Keep every word of the listing and drop the images when you write it out.

### SUPPLIED MATERIAL ###

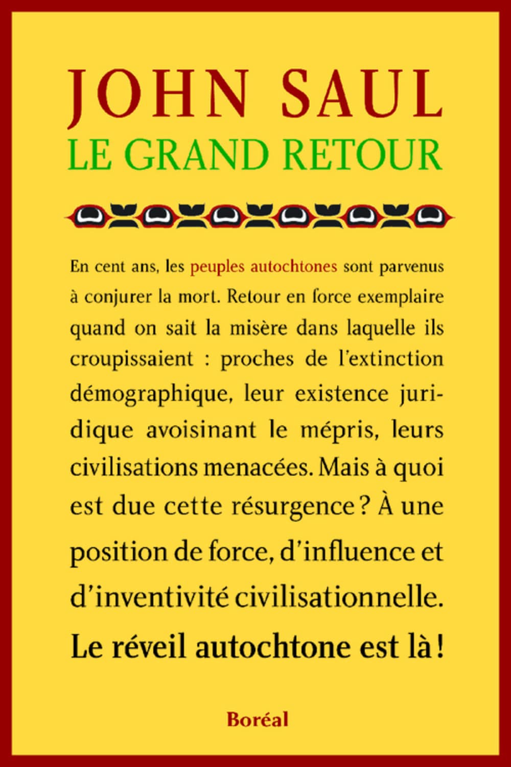 Quelle serait la question la plus cruciale de notre époque? Pour l’écrivain canadien et président de PEN international, la réponse est simple : la reconstruction des liens avec les Premières Nations, liens qui devaient constituer les fondements du Canada. Ce que livre ici Saul, ce n’est pas un ouvrage relatant des faits choquants, qui pourtant sont nombreux; c’est une réflexion aiguisée sur l’avenir, que nous ne pouvons plus dessiner sans y réintégrer les peuples autochtones, tout simplement. Il en va de notre survie.
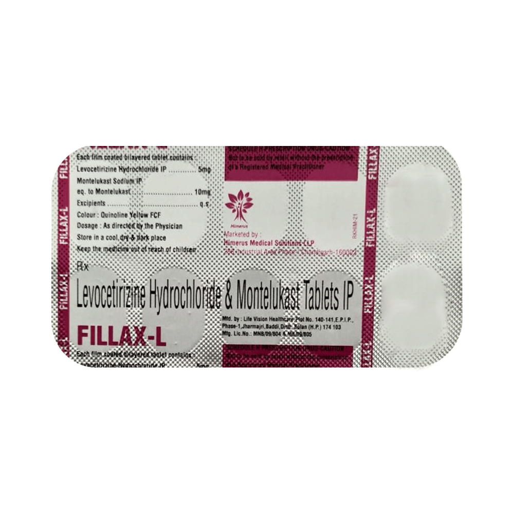 In Treatment of Allergic skin conditionsFillax-L Tablet is effective in treating allergic skin conditions with inflammation and itching. It reduces the actions of chemicals in the body that cause inflammation of the skin. When used correctly it is a safe and effective treatment. It reduces the redness, rash, pain or itchiness caused by your skin’s reaction to an irritant. It thus improves your self-esteem and confidence as your appearance changes. Keep taking it for as long as it is prescribed to get the full benefits.In Treatment of Sneezing and runny nose due to allergiesFillax-L Tablet is a combination medicine that provides relief from symptoms such as blocked or runny nose, sneezing and itchy or watery eyes. This will make it easier for you to go about your daily activities. It rarely has any serious side effects and you may only need to take it on days you have symptoms. If you are taking it to prevent getting symptoms you should use it regularly to get the most benefit.In Treatment of Hay feverHay fever, also called allergic rhinitis, causes cold-like signs and symptoms, such as a runny nose, itchy eyes, congestion, sneezing and sinus pressure. The only difference is that in hay fever, these symptoms are not produced due to a virus but are simply allergic responses of our body to allergens (allergy causing agents such as pollen). Fillax-L Tablet is used to provide relief from these symptoms of hay fever. It works by blocking the release of the chemical substance responsible for producing such allergy symptoms. Fillax-L Tablet is a safe medicine which helps treat hay fever and makes us feel at ease.show moreshow less
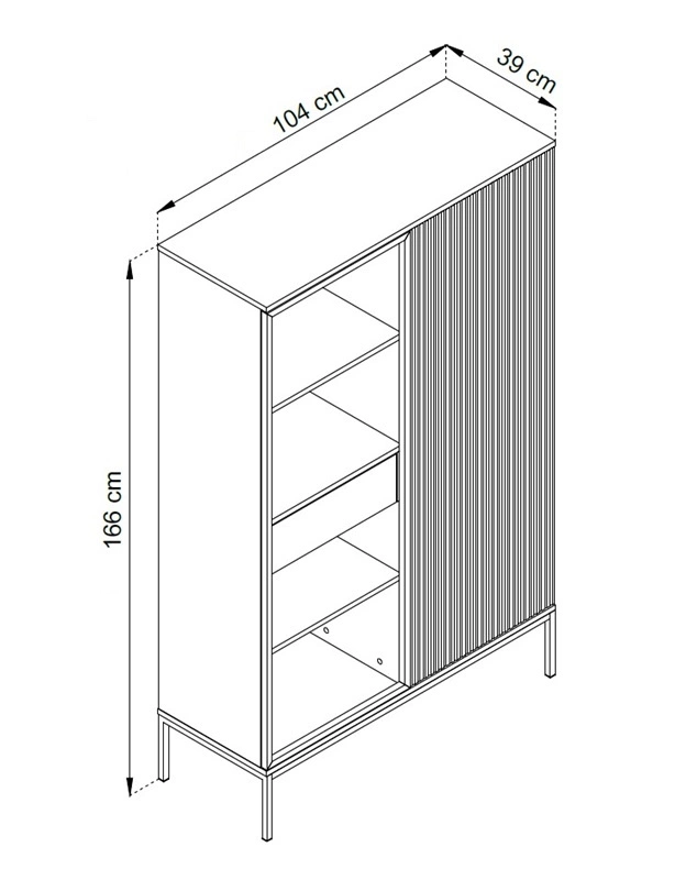 Ryflowane fronty zostały wykonane z płyty MDF o grubości 18mm. Korpus wykonany z wysokiej jakości płyty laminowanej, która charakteryzuje się odpornością na wpływ czynników zewnętrznych takich jak obicia, uderzenia i niefortunne zadrapania. Przeszklony front witryny wykonany jest z bezpiecznego szkła hartowanego w ciemnym odcieniu. Witryna wyposażona jest w dyskretne oświetlenie LED, dzięki niemu bryła zyskuje wizualną lekkość oraz funkcjonalność. Konstrukcja mebla została wzmocniona gustownymi metalowymi nogami w kolorze złotym.
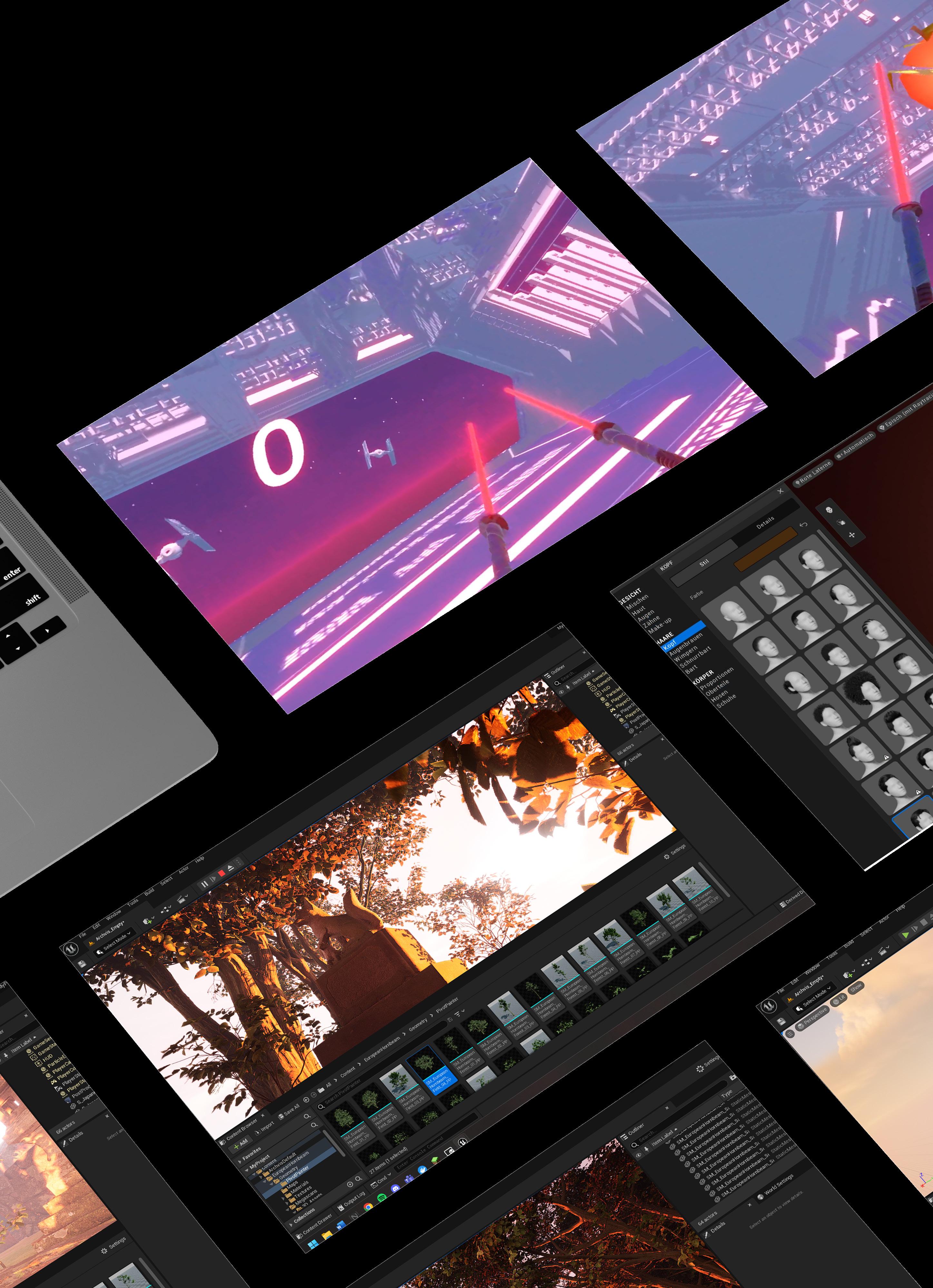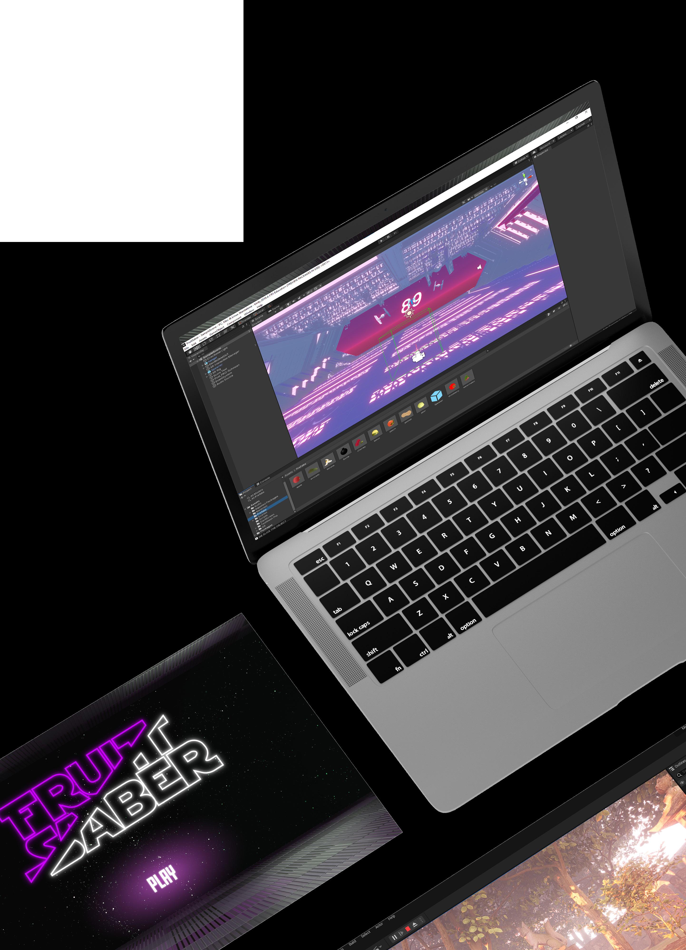 In meinem Studium arbeiteten wir in Teams an VR, Eye-Tracking, 3Dund 2D-Spielen. Wir führten Spielanalysen durch und lernten Game Design Grundlagen. Dabei nutzten wir Plattformen wie Unreal Engine 5, Unity und Construct 3 und setzten viele unterschiedliche Games um.

###

→ **ANSWER AREA**
 Quelle serait la question la plus cruciale de notre époque? Pour l’écrivain canadien et président de PEN international, la réponse est simple : la reconstruction des liens avec les Premières Nations, liens qui devaient constituer les fondements du Canada. Ce que livre ici Saul, ce n’est pas un ouvrage relatant des faits choquants, qui pourtant sont nombreux; c’est une réflexion aiguisée sur l’avenir, que nous ne pouvons plus dessiner sans y réintégrer les peuples autochtones, tout simplement. Il en va de notre survie.
 In Treatment of Allergic skin conditionsFillax-L Tablet is effective in treating allergic skin conditions with inflammation and itching. It reduces the actions of chemicals in the body that cause inflammation of the skin. When used correctly it is a safe and effective treatment. It reduces the redness, rash, pain or itchiness caused by your skin’s reaction to an irritant. It thus improves your self-esteem and confidence as your appearance changes. Keep taking it for as long as it is prescribed to get the full benefits.In Treatment of Sneezing and runny nose due to allergiesFillax-L Tablet is a combination medicine that provides relief from symptoms such as blocked or runny nose, sneezing and itchy or watery eyes. This will make it easier for you to go about your daily activities. It rarely has any serious side effects and you may only need to take it on days you have symptoms. If you are taking it to prevent getting symptoms you should use it regularly to get the most benefit.In Treatment of Hay feverHay fever, also called allergic rhinitis, causes cold-like signs and symptoms, such as a runny nose, itchy eyes, congestion, sneezing and sinus pressure. The only difference is that in hay fever, these symptoms are not produced due to a virus but are simply allergic responses of our body to allergens (allergy causing agents such as pollen). Fillax-L Tablet is used to provide relief from these symptoms of hay fever. It works by blocking the release of the chemical substance responsible for producing such allergy symptoms. Fillax-L Tablet is a safe medicine which helps treat hay fever and makes us feel at ease.show moreshow less
 Ryflowane fronty zostały wykonane z płyty MDF o grubości 18mm. Korpus wykonany z wysokiej jakości płyty laminowanej, która charakteryzuje się odpornością na wpływ czynników zewnętrznych takich jak obicia, uderzenia i niefortunne zadrapania. Przeszklony front witryny wykonany jest z bezpiecznego szkła hartowanego w ciemnym odcieniu. Witryna wyposażona jest w dyskretne oświetlenie LED, dzięki niemu bryła zyskuje wizualną lekkość oraz funkcjonalność. Konstrukcja mebla została wzmocniona gustownymi metalowymi nogami w kolorze złotym.
 In meinem Studium arbeiteten wir in Teams an VR, Eye-Tracking, 3Dund 2D-Spielen. Wir führten Spielanalysen durch und lernten Game Design Grundlagen. Dabei nutzten wir Plattformen wie Unreal Engine 5, Unity und Construct 3 und setzten viele unterschiedliche Games um.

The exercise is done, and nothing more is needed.